The only region at high latitudes in which Hall current dominates is the auroral zone in which energetic particle precipitation is the norm (Newell et al., 2005, and references therein). At latitudes poleward and equatorward of the auroral zone, or Boundary Plasma Sheet as described by Newell et al. (1991), which are characterized by soft electron precipitation, the use of empirical models to estimate Pedersen conductivity may distort the true picture. The lack of ground signature of ionospheric electrodynamics was illustrated in a study of a superstorm on 6 April 2000 by Huang and Burke (2004). During the storm, four DMSP spacecraft detected intense FACs, with ΔB between 1,000 and 1,400 nT at 840 km altitude, at latitudes equatorward of 60° MLat. At the conjugate location on the ground, the maximum magnetic perturbation was under 50 nT.
The second cautionary note on application of AMIE is related to the first, and derives from the conductance that is required for the synthesis of observations. The standard model referenced for use with AMIE is by Ahn et al. (1983a). The estimate of conductivity in this model assumes energetic electron precipitation leading to Hall current at altitudes between 100 and 125 km. Pedersen conductivity is estimated from Hall conductivity as a ratio derived empirically.

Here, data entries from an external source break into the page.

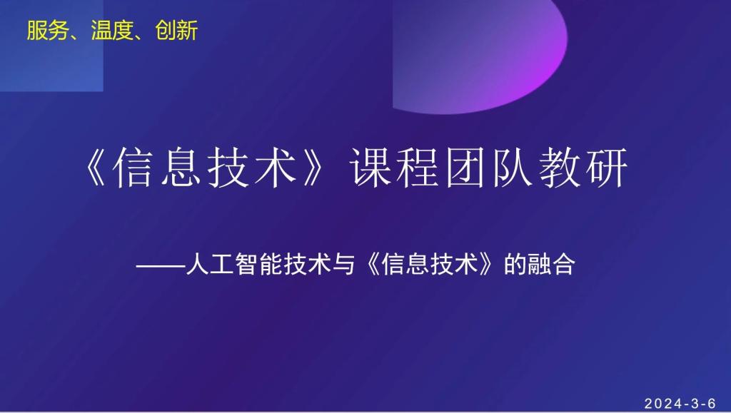 在数字化浪潮中,信息技术课程与人工智能的结合已成为教育领域的新趋势。今天下午我院信息技术课程团队的教师们齐聚一堂,就“信息技术课程与人工智能的融合”这一主题展开深入探讨。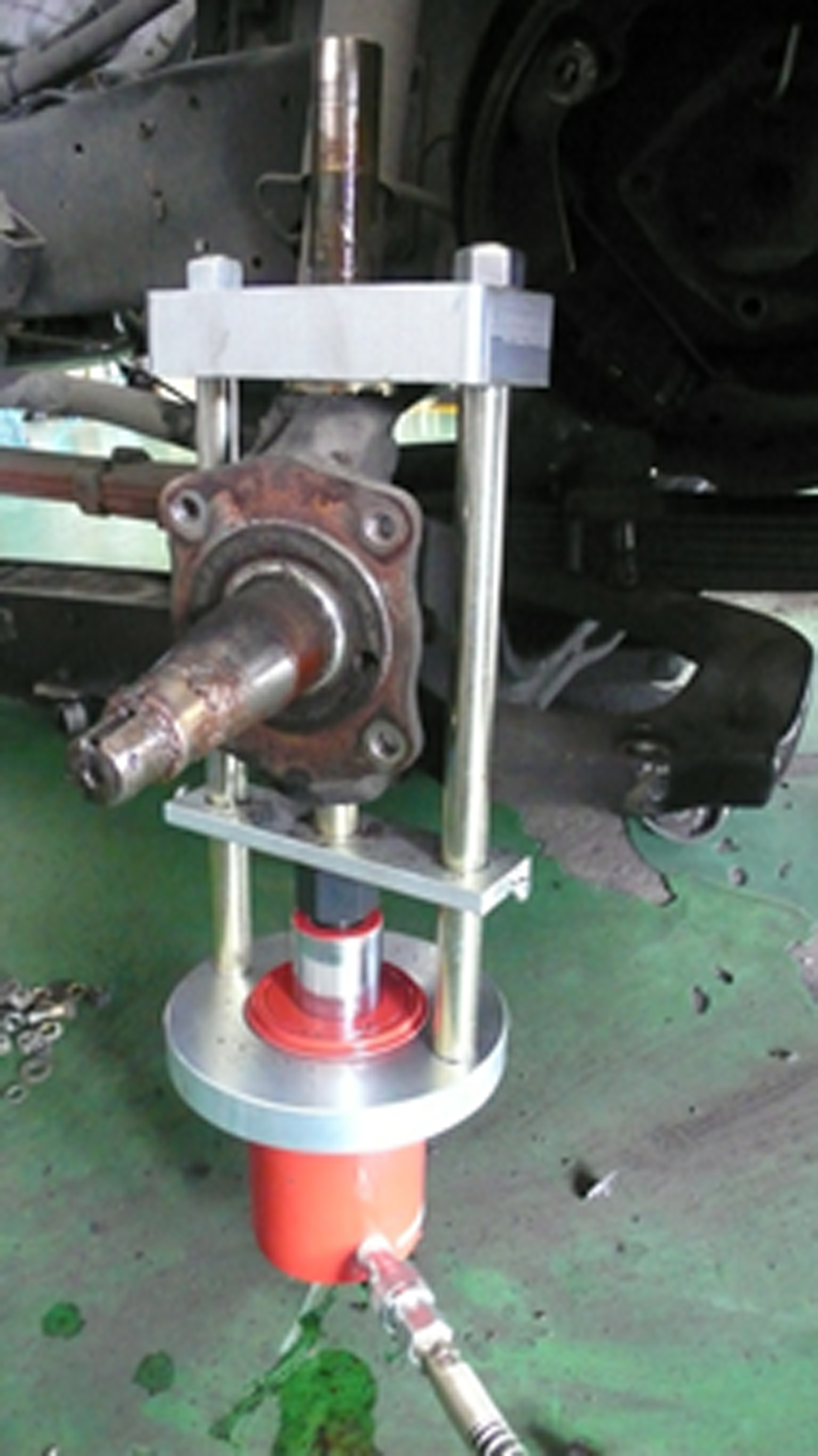 - The tool delivers 20 tons of hydraulic force to push out stubborn king pins on large trucks with king pin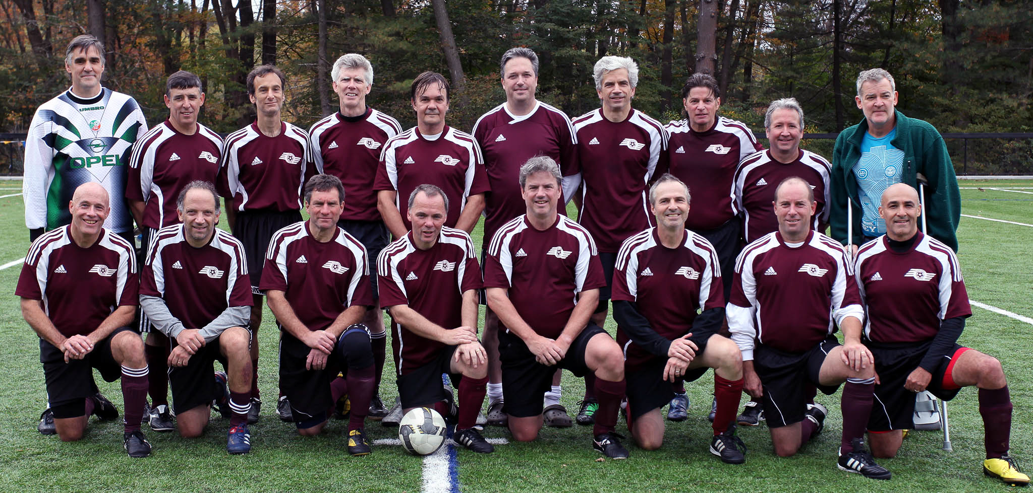 I scored an inconsequential goal in the final minute of my soccer match this morning. It was an easy tap in following an intense sprint to intercept a pass in front of the net. The one sided affair ended in a score of 9-1. A win next week will secure promotion and it is sure to be a close match (we tied in our last meeting with Needham). After the game I took a team photo which will be used to update the league website.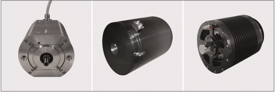 links: Schnelllaufender Direktantrieb, 14.000 U//min, Abmessungen 130x130mm, Masse 10kg bei 20kW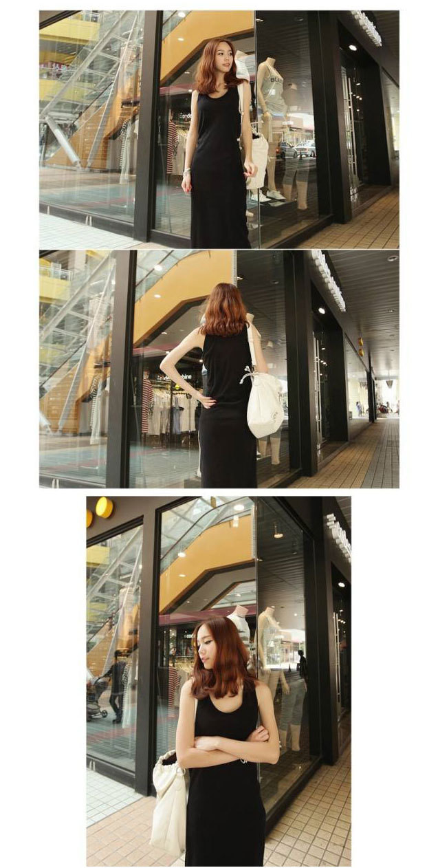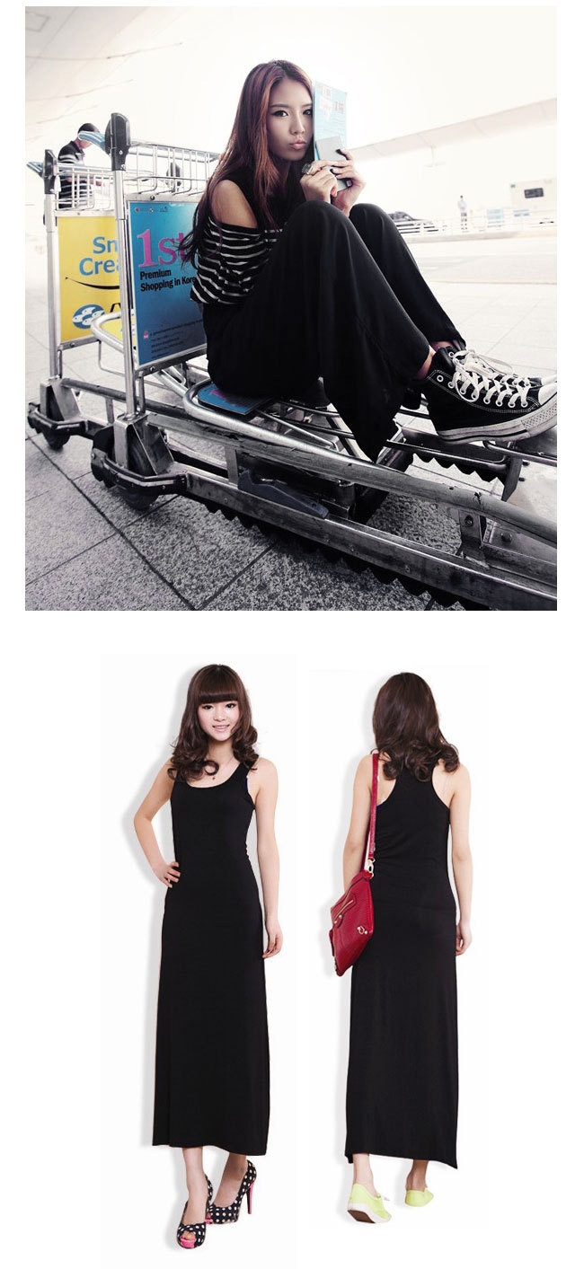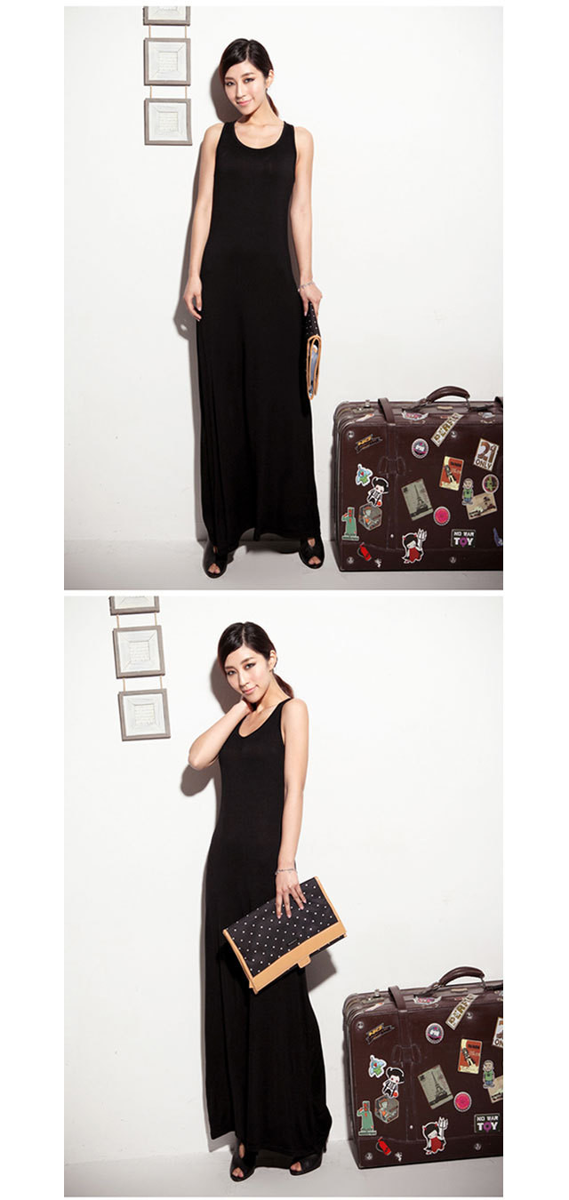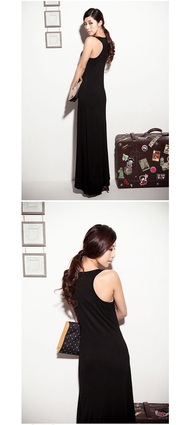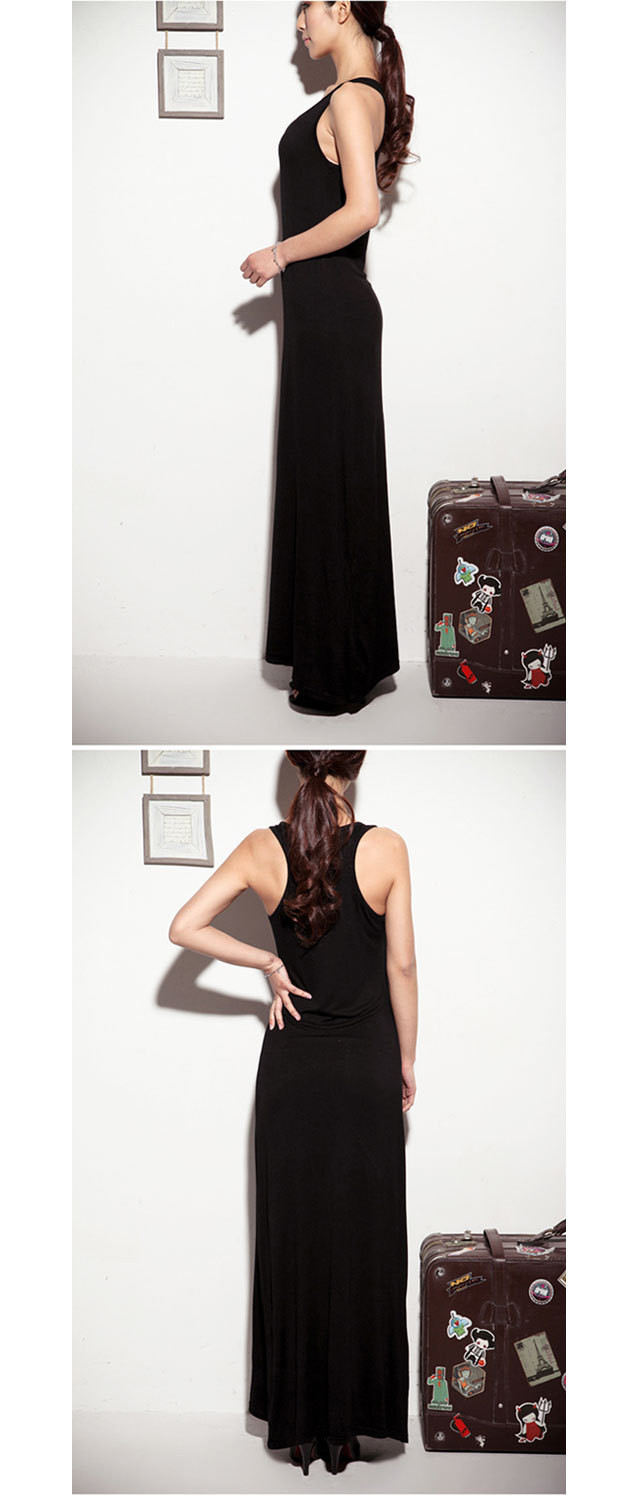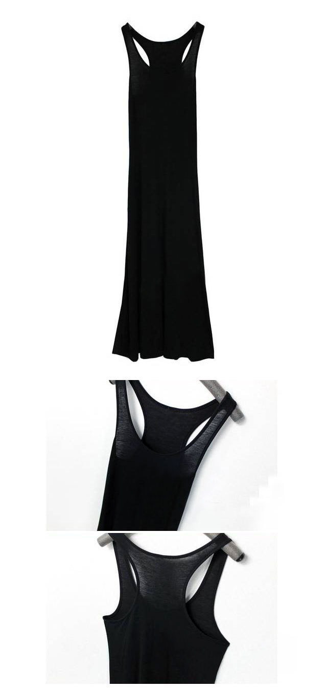 Heie Neue 2016 Sommer Frauen Damen Casual O Hals Baumwolle Sleeveless schwarz Kleid Sexy Lange Racer Weste Tank Strand Maxi Kleid Gnstige Z1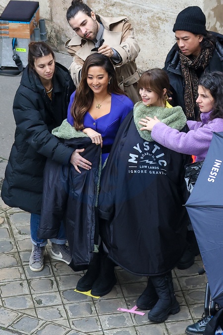 Semi-exclusif - Première apparition de l'actrice Ashley Park, depuis son hospitalisation pour un choc septique, pendant le tournage de la saison 4 de série Netflix "Emily in Paris" avec la co-star Lily Collins dans les rues de Paris, France, le 16 février 2024. L'interprète de Mindy Chen est tombée gravement malade pendant ses vacances de fin d'année aux Maldives. Elle a été en convalescence à Paris avant de reprendre le tournage de la série. No Web pour la Belgique et la Suisse Semi-Exclusive - Actress Ashley Park's first appearance, since being hospitalized for septic shock, during the filming of season 4 of Netflix series "Emily in Paris" with co-star Lily Collins on the streets of Paris, France, on February 16 2024. The interpreter of Mindy Chen fell seriously ill during her end-of-year vacation in the Maldives. She was convalescing in Paris before resuming filming the series.

Robinson et al. (1987) give a similar relationship. However, these empirical ratios are derived for auroral precipitation in which electron energies are generally assumed to be ≥1 keV. Huang and Burke (2004) estimated the Pedersen conductance using measured magnetic deflections and precipitating electron fluxes from DMSP F13 and F15 satellites for the superstorm on 6 April 2000. The relation between conductance, magnetic field, and electric field is simply Ohm’s law, J = ∑ x E, where J and E are the height‐integrated current density and electric field, respectively. Figure 1.6 compares the values obtained from the DMSP data with the Robinson et al. (1987) formulas for Pedersen and Hall conductances. The horizontal bars indicate the time intervals when Pedersen conductance can be estimated directly. It is clear that the empirical results (Ahn et al., 1983a; Robinson et al., 1987) do not represent the conductance well in regions where keV electrons are not dominant.
Figure 1.6 (a)–(b) Values of Pedersen (∑P) and (c)–(d) Hall (∑H) conductance estimated from energetic electron fluxes measured by (a) and (c) DMSP F15 and (b) and (d) F13 using the formula by Robinson et al. (1987) during a superstorm on 6 April 2000. F15 is located at ‐52° MLat, 221 MLT. F13 is located at 59.9° MLat, 6.7 MLT. Heavy horizontal lines indicate values of ∑P estimated from measured δBz and EY variations
(figure and caption based on Huang & Burke, 2004. Reproduced with permission of John Wiley & Sons).
Given our understanding that EM energy dominates the energy budget, the assumptions underlying the model should be examined for relevance. In particular, the role of the auroral zone as the locus of all energy input has been questioned (Huang et al., 2014) based on the total energy budget during a magnetic storm. This may be addressed by AMIENextGen, an updated version of AMIE, which is being developed (Matsuo et al., 2015; Cousins et al., 2015; McGranaghan et al., 2016). In AMIENextGen, many of the data sources are based on satellite observations, which may avoid some of the difficulties with AMIE.